Наутро, в Гуту въехал "новый немецкий порядок" в лице офицера и отделения солдат - тыловиков. Поперву, солдаты все избы да сараи обыскали, залезая на чердаки, опускаясь в подполья, прокалывая штыками сено над стойлами скота. Раненных красноармейцев, за их бесполезностью для нужд Великой Германии, пристрелили прямо в Фёдоровой хате. Новоявленного сожителя Аксиньи вывели из хаты, связали ему руки, да в кузов бросили. Туда же загнали и троих мужиков - белобилетников, по причине болезней, не мобилизованных на службу, и десяток парней призывного возраста.
Приказали всем остальным на улицу выходить. Похохатывая и легонько покалывая задницы баб кончиками штыков, согнали немцы всех жителей к конторе лесничества, где вышагивал офицер.
- Слюшать! Великий немецкий армий освабодил вась от власти большевиков и юде. Отьныне сдесь неметский парядак. Ви избирайт себе староста. Староста есть ваш начальник. Ви говорит мне, кто есть ваш староста. Решайт шнель, бистро! Десять минутен и я буду вас слушаль.
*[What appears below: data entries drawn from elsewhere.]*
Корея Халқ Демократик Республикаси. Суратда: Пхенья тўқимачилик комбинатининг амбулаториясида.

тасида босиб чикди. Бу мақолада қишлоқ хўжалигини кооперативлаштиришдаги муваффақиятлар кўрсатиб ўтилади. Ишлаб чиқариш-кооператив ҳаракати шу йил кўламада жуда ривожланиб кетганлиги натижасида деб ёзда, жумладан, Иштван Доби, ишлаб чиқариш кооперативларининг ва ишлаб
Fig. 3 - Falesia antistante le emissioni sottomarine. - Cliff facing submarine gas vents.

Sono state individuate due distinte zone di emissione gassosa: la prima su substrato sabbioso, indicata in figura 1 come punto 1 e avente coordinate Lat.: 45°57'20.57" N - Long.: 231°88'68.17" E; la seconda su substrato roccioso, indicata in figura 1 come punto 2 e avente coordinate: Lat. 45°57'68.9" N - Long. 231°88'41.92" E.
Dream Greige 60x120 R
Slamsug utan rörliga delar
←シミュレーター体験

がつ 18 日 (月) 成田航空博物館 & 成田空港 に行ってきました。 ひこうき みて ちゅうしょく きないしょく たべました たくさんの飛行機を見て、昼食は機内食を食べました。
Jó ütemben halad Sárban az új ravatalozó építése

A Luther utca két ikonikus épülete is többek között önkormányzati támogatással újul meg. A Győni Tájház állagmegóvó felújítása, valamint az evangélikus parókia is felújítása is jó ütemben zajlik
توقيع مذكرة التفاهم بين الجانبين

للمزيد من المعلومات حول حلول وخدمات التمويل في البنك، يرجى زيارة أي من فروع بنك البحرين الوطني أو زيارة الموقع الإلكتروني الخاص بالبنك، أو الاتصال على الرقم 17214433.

Загалдели, закудахтали бабы, сбившись в круг, ибо деревни 1941 года были бабьи царством. Мальцы не в счет. Здоровые мужики на войне. Хворые да взрослеющие в машине немецкой сидят.
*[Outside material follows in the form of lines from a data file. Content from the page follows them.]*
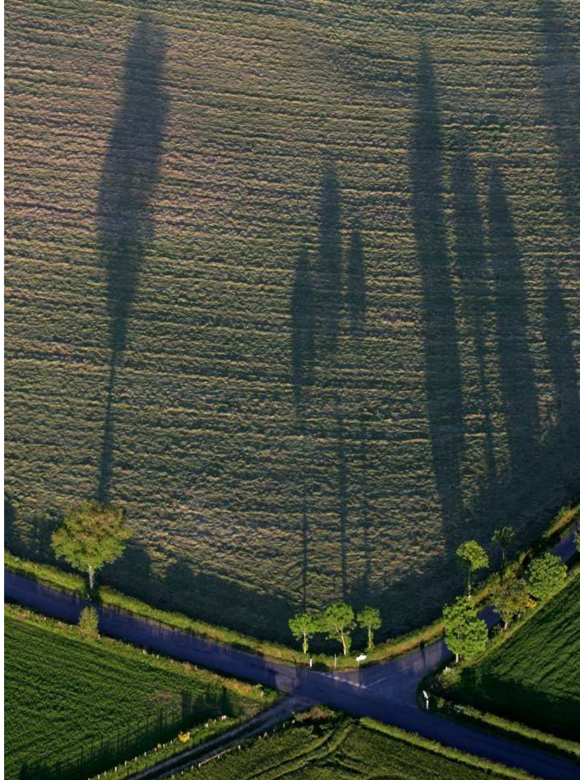
Meljac vu du ciel - à travers champs - juin 2010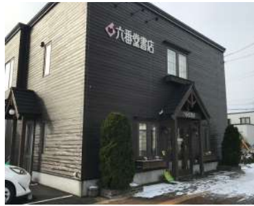
札幌市の有形文化財「新琴似屯田兵中隊本部」をモチーフにした店の外観。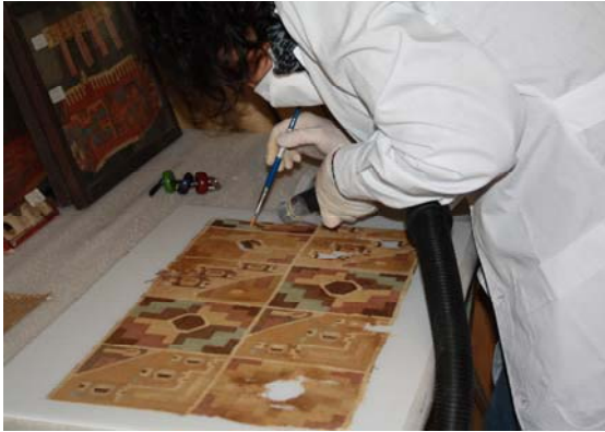
Conservación de textiles en depósito 25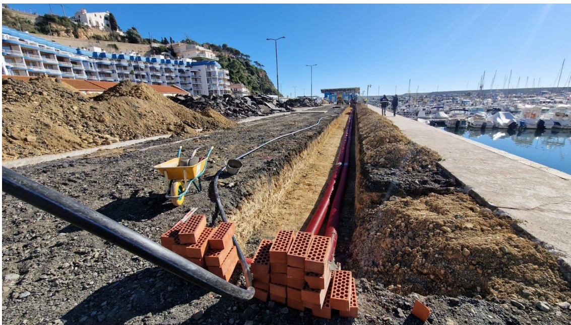
Urbanització de la zona de ribera.

Les obres han començat amb el desmuntatge d'elements de la coberta que no tenien funcionalitat, de cara a aprofitar la coberta interior per a la instal·lació de plaques fotovoltaïques. Després, la coberta s'impermeabilitzarà per eliminar filtracions d'aigua perquè tant l'estructura metàl·lica i les bigues de fusta com els béns que alberga aquesta nau no pateixin afectacions quan plou. A més, l'estructura metàl·lica rebrà un tractament per eliminar la seva corrosió a causa de la seva exposició a l'ambient marí. Així mateix, les parts de les bigues afectades per la humitat també se substituiran.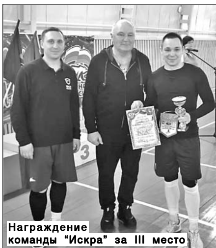
Награждение команды «Искра» за III место

Во время матчей команды, настроенные на победу, добивались поставленной цели на протяжении всей игры. Атаки и контратаки на ворота соперников проводились с завидной регулярностью, что приводило к увеличению счета и подогревало болельщиков. Темпераментные болельщики активно поддерживали свои команды. В последнем матче между принципиальными соперниками - командами ФК «Мельница» и «Аркадак»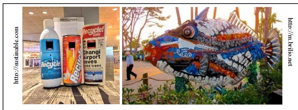
Gambar 4. Konsep image untuk (a) tempat sampah berdasarkan jenis sampah; dan (b) sculpture dari sampah.

mengembangkan bakat maupun ingin belajar mengolah sampah dapat berkumpul pada ruang tersebut. Upaya pengelolaan limbah sampah tersebut ditujukan untuk menciptakan zero waste dengan menerapkan konsep 3R: reduce (mengurangi sampah), reuse (memberi nilai tambah bagi sampah hasil proses daur ulang), dan recycle (mendaur ulang sampah). Selain itu penyediaan ruang untuk komunitas pengrajin limbah sampah ini dapat berhubungan dengan pendekatan green community seperti yang telah disampaikan pada poin 3.2. Ilustrasi untuk atribut green waste disajikan dalam Gambar 4.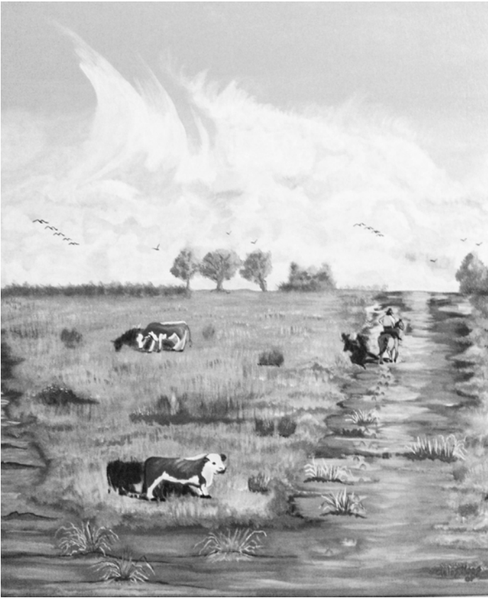
“La cuesta”, acrílico sobre tela Carlos Enrique Mas

— ¡Todo! Son nada menos que cinco “boli-llas”.. respondió César, siempre con su guitarra a punto.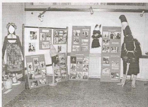
Από την Έκθεση του Λυκείου των Ελληνίδων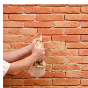
2 - Stucco...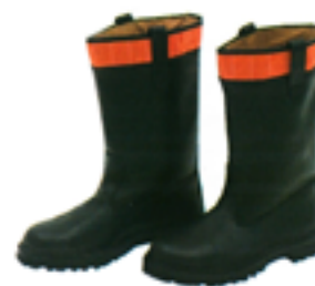
Stivali di cuoio tipo V.V.F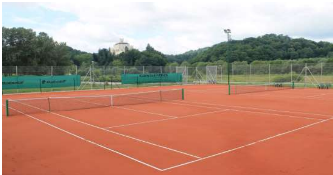
Slika 14: Teniski tereni hotela Trakošćan

Так что бабам решать, как дальше жить.
- Бабоньки, надо в старосты выбирать Анну лесничиху. Она и грамотная, и по ихнему языку говорить может. Она баба а не мужик. Любой бабе, ежели чего, мужиков легче уговорить, чем мужику, а немцы оне тоже мужики, только по-нашему не понимают.
- Фёкла, а ты не подумала, как она с немцами будет жить. Её прятать надо. Они кобели голодные. Как придёт к ним одна, так и снасильничают. У неё дитё малое. Фёдора надо в старосты!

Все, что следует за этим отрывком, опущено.